И с этого мгновения оба, и Давид, и Урия, уже знали все, с этого мгновения уже не было между ними никакой тайны, легкая дрожь обнаженной кожи на царском лице открыла всю правду - имя Вирсавии было не просто именем, а признанием.
И все же признание это было тайным и должно было остаться тайным, иначе бы святое безумие убило обоих.
Вирсавия.
Господь обратит меч одного против другого, подумал Урия и вдруг ощутил огромную усталость.
Скоро придет время войску взойти на стены Раввы, сказал царь. Скоро завершится ожидание Иоава. Осажденные и заключенные в нетерпении ждут освобождения.
Но Урия не сказал ничего, очень уж странно было, что царь вдруг упомянул аммонитян, врагов, заключенных в городе, Урия всегда смотрел на осаду только извне.
Вот почему надобно тебе воспользоваться короткой передышкой для радости, сказал царь, насладись вином и веселись с женщинами недолгий тот срок, что дарован тебе здесь, в городе Давида, в Иерусалиме, скоро придется тебе, Урия, вновь взять в руки меч.
И понял Урия, что был это приказ уходить, и он встал и постоял немного, глядя на царя, он не пал на колени, даже не поклонился, только старался поймать царский взгляд, но это было невозможно, царь Давид наблюдал за ним, не допуская к взору своему, взор его прятался в узком прищуре.
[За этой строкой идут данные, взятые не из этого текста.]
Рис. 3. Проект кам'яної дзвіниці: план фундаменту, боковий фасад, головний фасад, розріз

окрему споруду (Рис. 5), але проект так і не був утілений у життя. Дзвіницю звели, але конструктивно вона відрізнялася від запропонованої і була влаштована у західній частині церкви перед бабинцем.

И Урия ушел, просто повернулся и пошел прочь, повернулся к царю широкой своей спиною и пошел прочь, будто царь был самым обыкновенным человеком, будто оба они всего лишь двое мужчин, и ничего более.
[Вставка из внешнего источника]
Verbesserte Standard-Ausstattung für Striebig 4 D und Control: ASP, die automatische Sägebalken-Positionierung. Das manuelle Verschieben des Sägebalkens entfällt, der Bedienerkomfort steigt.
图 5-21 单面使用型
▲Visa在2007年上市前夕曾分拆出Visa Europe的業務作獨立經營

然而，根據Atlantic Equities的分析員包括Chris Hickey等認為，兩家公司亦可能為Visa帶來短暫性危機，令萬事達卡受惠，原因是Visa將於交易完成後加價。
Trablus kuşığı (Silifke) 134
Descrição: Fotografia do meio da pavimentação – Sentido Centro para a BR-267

Потом он без цели и без намерения бродил по Иерусалиму, от Сиона до гумна Орны Иевусеянина, он не пошел в свой дом, к Вирсавии, ведь то было единственное место, куда он вправду не мог пойти, а когда свечерело, он возвратился в крепость, купил жертвенного ягненка из тех, каких женщины приносили в жертву очищения. И отнес ягненка на Офел, на голую скалу меж Сионом и Гионом, и там заколол его своим ножом, в одиночестве принес его себе в жертву и, взявши огня у погонщика верблюдов, который поставил свой шатер в расселине за скалою, зажарил ягненка и поел. Как стемнело, вернулся он на Сион и спал у ворот царского дома со всеми слугами, которым должно было в ночное время пребывать в готовности, если царь вдруг проснется и чего-нибудь пожелает, - слуги узнали Урию и предложили ему войлоки для постели, и подушки под голову, и козьи шкуры, чтобы укрыться, но он постелил плащ свой и лег на него без подушки, а для защиты от ночной прохлады сложил на груди огромные свои руки, и слуги в изумлении шептались меж собой, сколь крепок его сон и сколь, наверное, тверд он сам и непоколебим, ведь никогда прежде не видели они, чтобы кто-нибудь из храбрых царя Давида ночевал с ними, у ворот.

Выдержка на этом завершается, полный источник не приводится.